» **What is required**:
Could you copy exactly the lines below, beginning at the line with "Este lunes por" and stopping after the line with "煮立ったらアクを取ってショウ", with no pictures?

» **Records**:
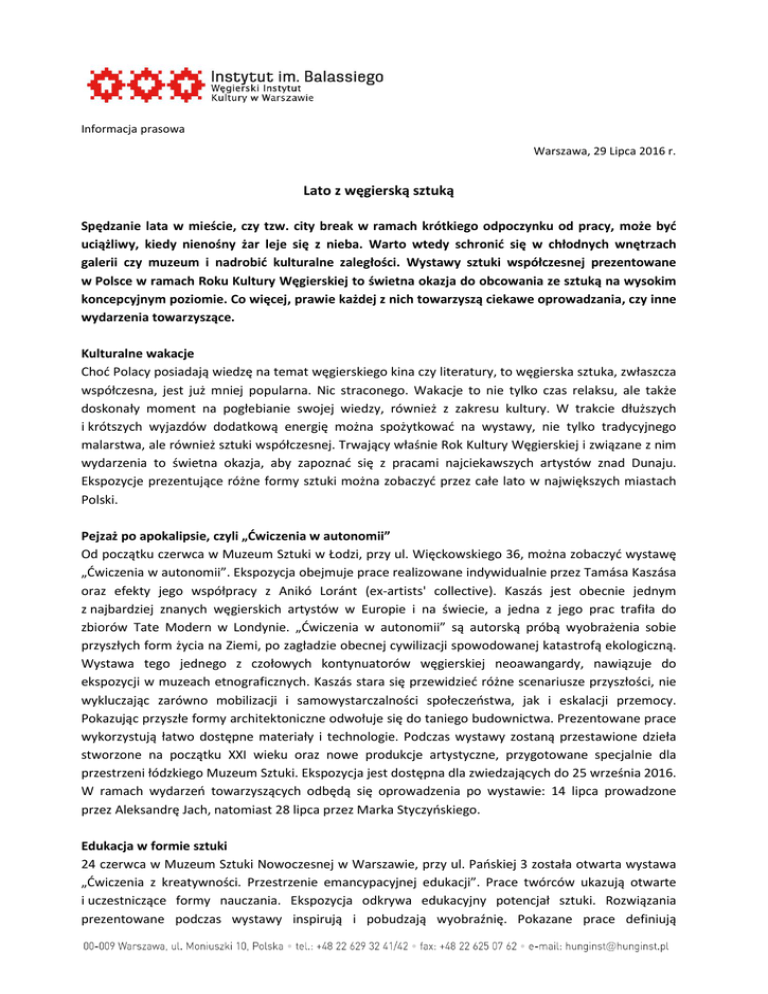 Informacja prasowa Warszawa, 29 Lipca 2016 r. Lato z węgierską sztuką Spędzanie lata w mieście, czy tzw. city break w ramach krótkiego odpoczynku od pracy, może być uciążliwy, kiedy nienośny żar leje się z nieba. Warto wtedy schronić się w chłodnych wnętrzach galerii czy muzeum i nadrobić kulturalne zaległości. Wystawy sztuki współczesnej prezentowane w Polsce w ramach Roku Kultury Węgierskiej to świetna okazja do obcowania ze sztuką na wysokim koncepcyjnym poziomie. Co więcej, prawie każdej z nich towarzyszą ciekawe oprowadzania, czy inne wydarzenia towarzyszące. Kulturalne wakacje Choć Polacy posiadają wiedzę na temat węgierskiego kina czy literatury, to węgierska sztuka, zwłaszcza współczesna, jest już mniej popularna. Nic straconego. Wakacje to nie tylko czas relaksu, ale także doskonały moment na pogłebianie swojej wiedzy, również z zakresu kultury. W trakcie dłuższych i krótszych wyjazdów dodatkową energię można spożytkować na wystawy, nie tylko tradycyjnego malarstwa, ale również sztuki współczesnej. Trwający właśnie Rok Kultury Węgierskiej i związane z nim wydarzenia to świetna okazja, aby zapoznać się z pracami najciekawszych artystów znad Dunaju. Ekspozycje prezentujące różne formy sztuki można zobaczyć przez całe lato w największych miastach Polski. Pejzaż po apokalipsie, czyli „Ćwiczenia w autonomii” Od początku czerwca w Muzeum Sztuki w Łodzi, przy ul. Więckowskiego 36, można zobaczyć wystawę „Ćwiczenia w autonomii”. Ekspozycja obejmuje prace realizowane indywidualnie przez Tamása Kaszása oraz efekty jego współpracy z Anikó Loránt (ex-artists' collective). Kaszás jest obecnie jednym z najbardziej znanych węgierskich artystów w Europie i na świecie, a jedna z jego prac trafiła do zbiorów Tate Modern w Londynie. „Ćwiczenia w autonomii” są autorską próbą wyobrażenia sobie przyszłych form życia na Ziemi, po zagładzie obecnej cywilizacji spowodowanej katastrofą ekologiczną. Wystawa tego jednego z czołowych kontynuatorów węgierskiej neoawangardy, nawiązuje do ekspozycji w muzeach etnograficznych. Kaszás stara się przewidzieć różne scenariusze przyszłości, nie wykluczając zarówno mobilizacji i samowystarczalności społeczeństwa, jak i eskalacji przemocy. Pokazując przyszłe formy architektoniczne odwołuje się do taniego budownictwa. Prezentowane prace wykorzystują łatwo dostępne materiały i technologie. Podczas wystawy zostaną przestawione dzieła stworzone na początku XXI wieku oraz nowe produkcje artystyczne, przygotowane specjalnie dla przestrzeni łódzkiego Muzeum Sztuki. Ekspozycja jest dostępna dla zwiedzających do 25 września 2016. W ramach wydarzeń towarzyszących odbędą się oprowadzenia po wystawie: 14 lipca prowadzone przez Aleksandrę Jach, natomiast 28 lipca przez Marka Styczyńskiego. Edukacja w formie sztuki 24 czerwca w Muzeum Sztuki Nowoczesnej w Warszawie, przy ul. Pańskiej 3 została otwarta wystawa „Ćwiczenia z kreatywności. Przestrzenie emancypacyjnej edukacji”. Prace twórców ukazują otwarte i uczestniczące formy nauczania. Ekspozycja odkrywa edukacyjny potencjał sztuki. Rozwiązania prezentowane podczas wystawy inspirują i pobudzają wyobraźnię. Pokazane prace definiują kreatywność, jako formę działania umożliwiającą wspólnotowe uczenie się, prowadzące do kształtowania się osobowości i relacji międzyludzkich. Tytuł wystawy nawiązuje do nazwy kursu artystycznego, prowadzonego w latach 70-tych w Budapeszcie przez nestorów neoawangardy Miklósa Erdély’ego i Dórę Maurer. Architektura wystawy zaprojektowana przez Tamása Kaszása nawiązuje do „Poipoidromu” Roberta Filliou i Joachima Pfeufera, instalacji architektonicznej zaprojektowanej w latach 60-tych XX wieku, która w swojej przestrzeni odzwierciedlała kolejne etapy procesu twórczego. Ekspozycję będzie można oglądać w Warszawie do 4 września 2016 roku. Wystawie towarzyszy rozbudowany program edukacyjny m.in. bezpłatne warsztaty i oprowadzania zarówno dla dzieci jak i dorosłych. Polsko-węgierski dialog sztuki Wystawę zbiorową „POLISH(ED)HUNGARIAN”, można zobaczyć do 2 września 2016 r. w Węgierskim Instytucie Kultury w Warszawie przy ul. Moniuszki 10. Jest ona rezultatem współpracy pięciu galerii z Węgier (Erika Deák, Inda, Ani Molnár, Várfok, Viltin) i pięciu z Polski (Apteka Sztuki, Czułość, Leto, Propaganda, Starter). Galerie te są także wystawcami na prestiżowych targach Art Market Budapest. Podczas tego październikowego wydarzenia, polska sztuka, we współpracy z CAFe Budapest Contemporary Art. Festival, znajdzie się w centrum uwagi. Wystawa „POLISH(ED)HUNGARIAN” stała się pretekstem do połączenia koncepcji kuratorskich, z których każda wyłania i angażuje reprezentujących je twórców. Efektem tej pracy jest unikalna ekspozycja. Wystawa jest zachętą do artystycznego dialogu pomiędzy wiodącymi twórcami polskiej i węgierskiej sztuki oraz inicjacją trwałej współpracy i wzmocnieniem związków kulturowych w regionie. Zaangażowani artyści stworzyli dzieła wykorzystując różne formy sztuki. Dzięki temu, ekspozycja jest niezwykle interesującym przykładem zestawienia polskich i węgierskich dzieł. Wernisaż wystawy odbył się w warszawskiej Aptece Sztuki podczas Warszawskich Tragów Książki, których Węgry były Gościem Honorowym. 60. rocznica Rewolucji Wystawa „1956 Polska – Węgry. Historia i pamięć” upamiętnia wydarzenia z 1956 roku. 60 lat temu, 23 października wybuchło powstanie węgierskie, które trwało do 10 listopada. Zryw miał na celu uwolnienie narodu spod sowieckiej władzy. Ważną rolę odegrały tu także wcześniejsze, czerwcowe wydarzenia w Poznaniu, gdzie w tym samym roku doszło do antykomunistycznej rewolty mieszkańców miasta. Ekspozycja pokazuje losy dwóch narodów, które mimo różnego przebiegu historii, w czasie II
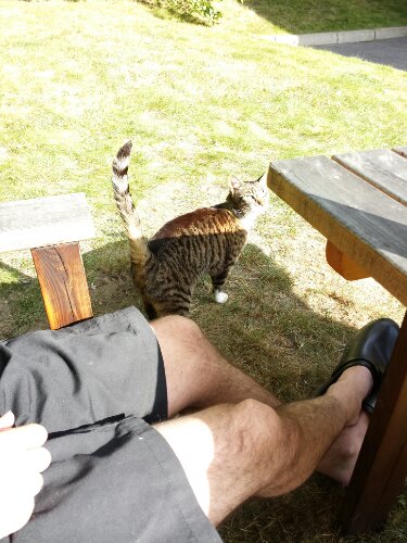 Satt utanför huset när en kisse dök upp och ville få uppmärksamhet.
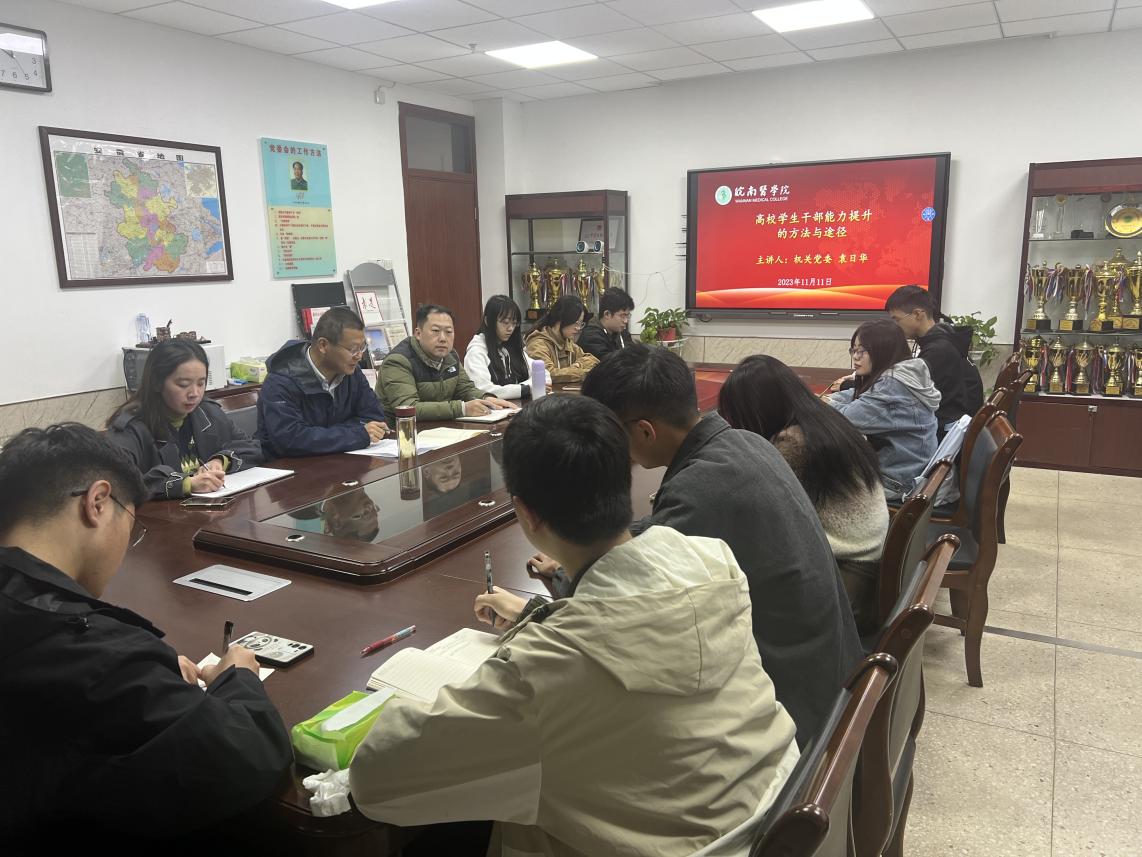为加强员工干部队伍建设,增强担当作为意识,提高服务员工本领,11月11日,suncitygroup太阳新城邀请机关党委副书记袁日华作《高校员工干部能力提升的方法与途径》讲座,2022级辅导员汪国瑞、徐祎,部分员工骨干和入党积极分子参加活动。
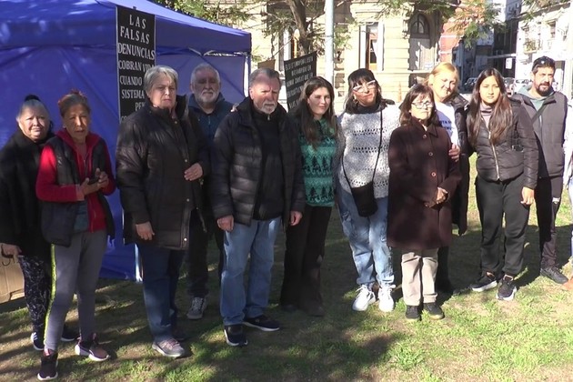 Este lunes por la mañana se desarrolló frente a tribunales una carpa con familiares de acusados por delitos de violencia de género que exigieron a la justicia que actúe frente a las “denuncias falsas” que sufrieron.
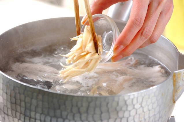 煮立ったらアクを取ってショウガを散らし、砂糖、みりんを加え、落とし蓋をして中火で15分煮る。
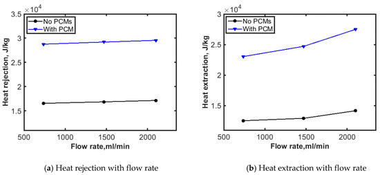 - The presence of PCM increased the amount of heat stored and extracted for the same flow rate, as well as storage efficiency. For the flow rate of 735 mL/min the storage efficiency increased from 75% to 80%; for 1471 mL/min the storage efficiency increased from 76% to 84%; and for 2100 mL/min it increased from 82% to 98%.
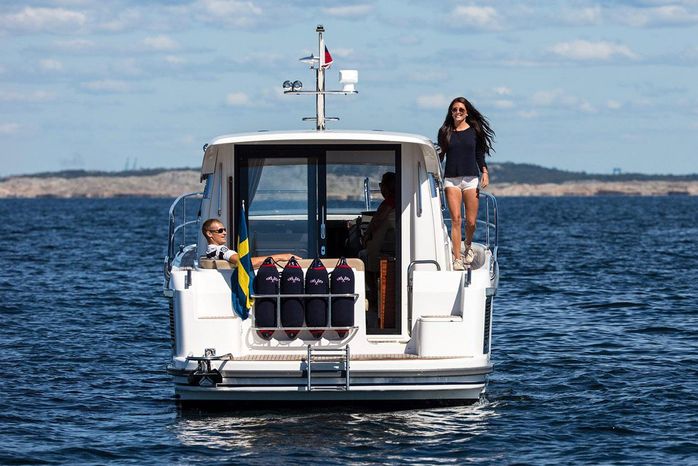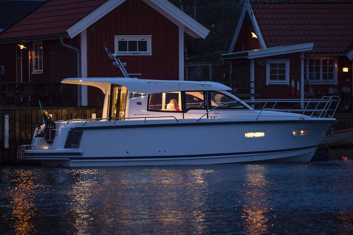 The “Sidewalk Design” is an asymmetrical deck layout where the side deck along the starboard side is extra wide, providing safe and generous freedom of movement. It makes moving about the boat from bow to stern much more convenient and enjoyable, as well as easy to get on and off the boat along the entire starboard side. The Sidewalk also allows for maximum use of the interior volume, allowing the cockpit, salon, lower deck and cabin to be larger than would otherwise be the case in a boat of this size. An important feature of the Nimbus sidewalk design concept is the large flush fitted sliding door to starboard. The sliding door provides quick access when docking alongside and enables maneuvering the boat from a standing position on the side deck.
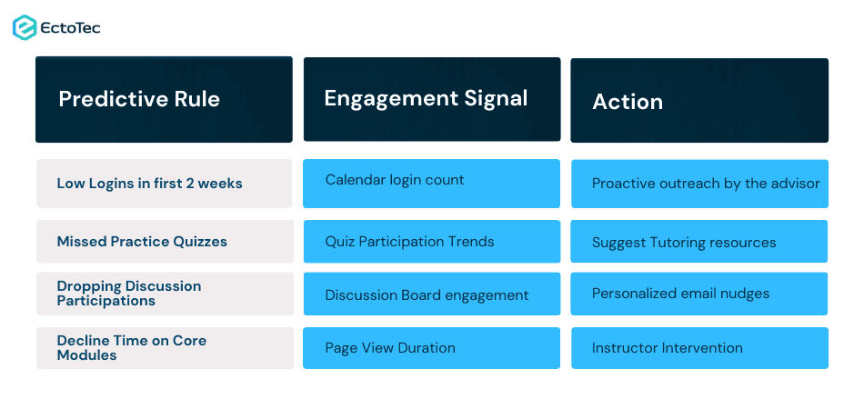 Las reglas predictivas pueden ayudar a las instituciones a pasar de la elaboración de informes de datos reactivos a sistemas proactivos de asistencia a estudiantes.
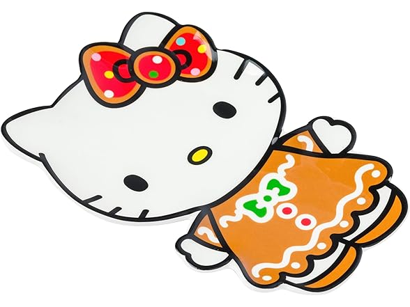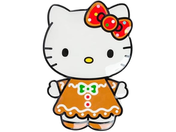 - HELLO KITTY HOLIDAYS: Celebrate the holidays with this trinket tray in the shape of Hello Kitty. Trinket tray features Hello Kitty in a gingerbread outfit with an adorable candy bow.
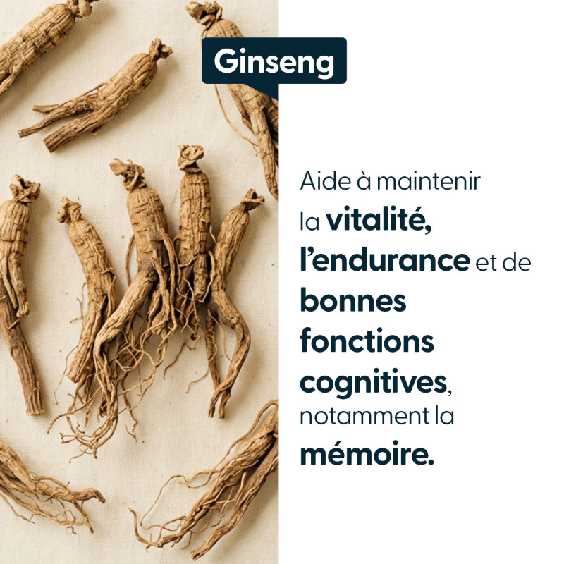 Le Ginseng contribue à soutenir la vitalité, à améliorer la résistance de l’organisme face au stress et à maintenir de bonnes performances physiques et cognitives, avec une action progressive favorisant une énergie plus stable dans le temps.

» **Result for this exercise**:
 Este lunes por la mañana se desarrolló frente a tribunales una carpa con familiares de acusados por delitos de violencia de género que exigieron a la justicia que actúe frente a las “denuncias falsas” que sufrieron.
 煮立ったらアクを取ってショウガを散らし、砂糖、みりんを加え、落とし蓋をして中火で15分煮る。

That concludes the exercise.